Reflection: Reliability in DNS

How does the design of the domain name system (DNS) ensure reliability?

Tip
I discussed the operation of the DNS in Chapter 3.
Reflection: Automating reliability

In the example above, it relied on users needing to keep two separate websites simultaneously up-to-date. How could this idea be extended so that it is performed automatically without depending on a diligent user?

Not only reliability

Reliability is not the only concern. Systems need to be practical, easy to use, fast and responsive. As much as possible, users should experience what they believe is a single, reliable, fast computer. The distributed system hides the fact that it has many unreliable and perhaps slow components.

Performance efficiency and reliability were among the quality characteristics discussed in Chapter 10. In this chapter and the following chapters, I will focus on the end-user experience of these quality characteristics. In particular, I will consider performance efficiency and reliability in terms of the following quantitative metrics:

  • Throughput: the total number of requests handled for some duration (e.g., a website might have a throughput of 10,000 requests per second)
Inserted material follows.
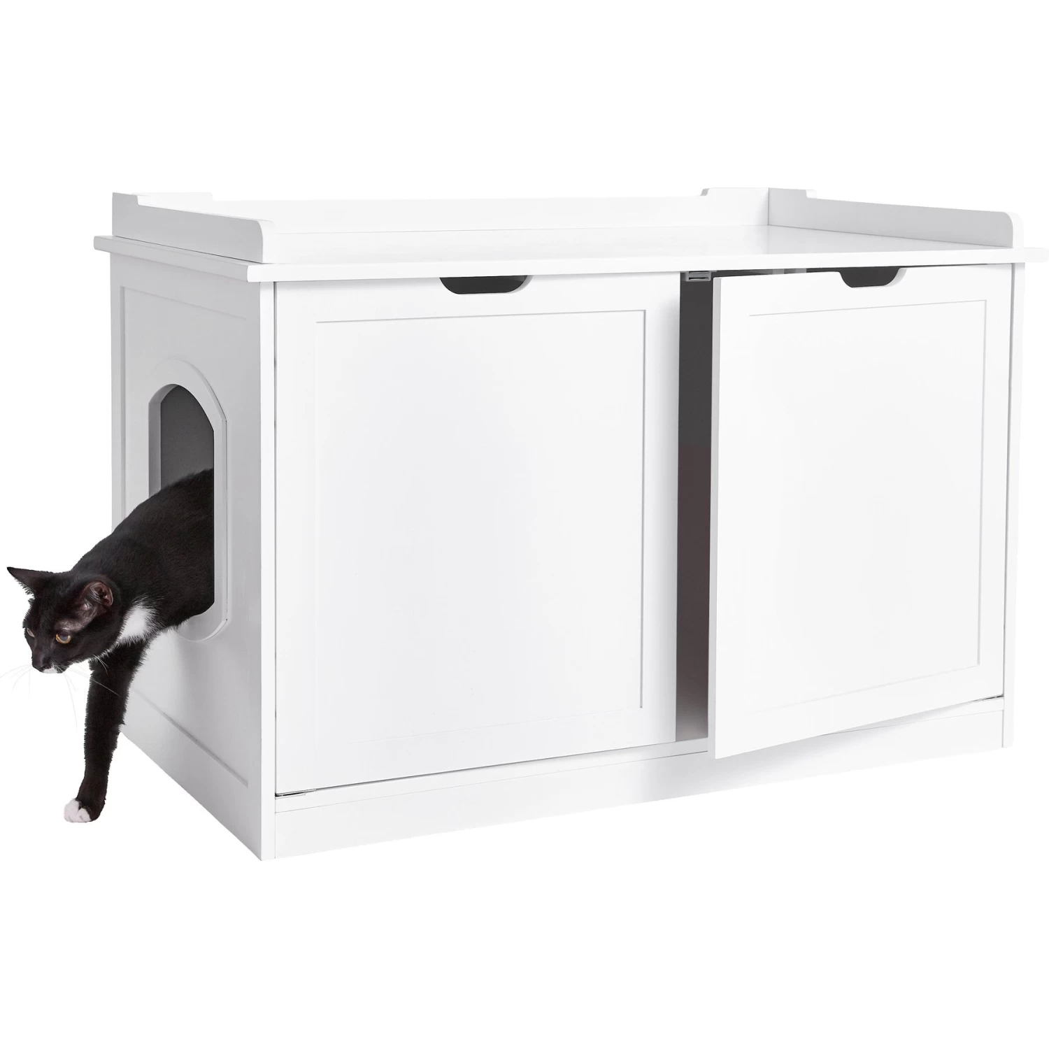 plus built-in doors with hinges that open wide for easy access to the litter box. - Includes removable divider that can be set up in 3 different positions to store essentials like food, treats, cleanup tools or left out to maximize interior space.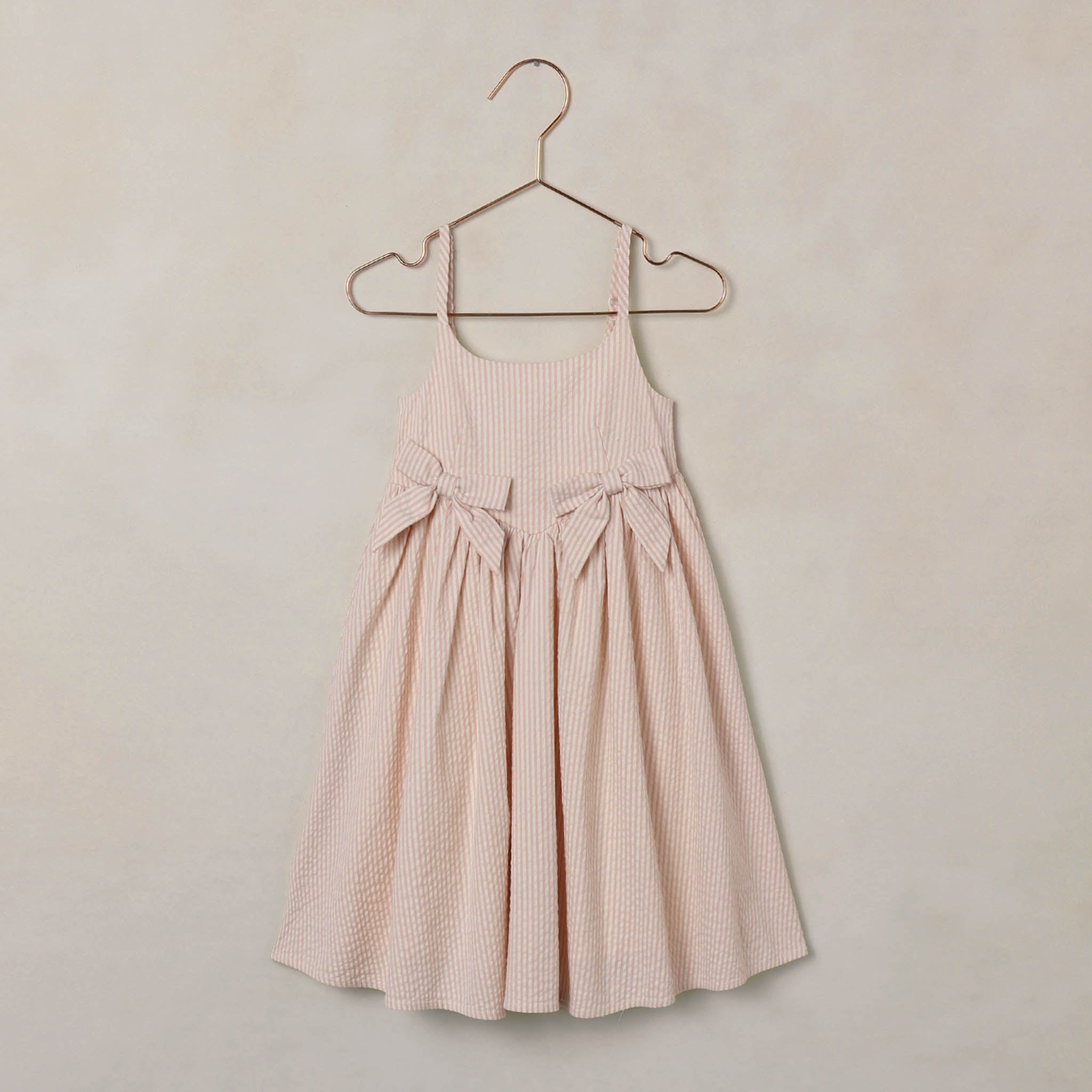 Notre robe midi Béatrice, fluide et ludique, est ornée de nœuds fixes sur le devant, de fines bretelles, de smocks au dos et d'une taille en V.

  • Response time: the total time to respond to a single request (e.g., on average it might take 100ms to respond to a request)

  • Latency: the amount of delay caused by the network (e.g., there might be a 140ms latency for requests between Sydney and Silicon Valley due to the speed of light)

  • Scalability: how well the site grows with demand (e.g., if the same software can support more users by installing additional servers, then the site is scalable)

  • Availability: the proportion of the time users can access the system (e.g., Google is said to routinely achieve 99.999% availability: less than 5.26 minutes of downtime per year [4]

Distributed architectures

In this and the following two chapters, I will address how to build reliable systems on unreliable networks, in three parts:

  1. In this chapter, I will explore the architectures that allow multiple servers to be combined to appear as a single system (Chapter 12)

  2. Next, I will explore how to ensure that combining multiple servers does not result in data loss or corruption (Chapter 13)

  3. Finally, I will explore how to increase performance so that reliable does not mean slow (Chapter 14)


1. van Steen and Tanenbaum (2016) ‘A brief introduction to distributed systems’, Computing, no. 98, pp. 697-1009.
2. These fallacies are attributed to Peter Deutch while working at Sun Microsystems.
3. In the early days of the web, some websites were only available during ‘business hours’ and many others had routine maintenance that prevented use every night from midnight to 1am.
4. Sometimes a distinction is made between availability and reliability. In such cases, availability refers to the system’s schedule. Reliability refers to what proportion of the scheduled time the system is actually available. For example, a system that works perfectly except for scheduled maintenance on Sunday mornings from 1 am to 2 am has 99.4% availability and 100% reliability.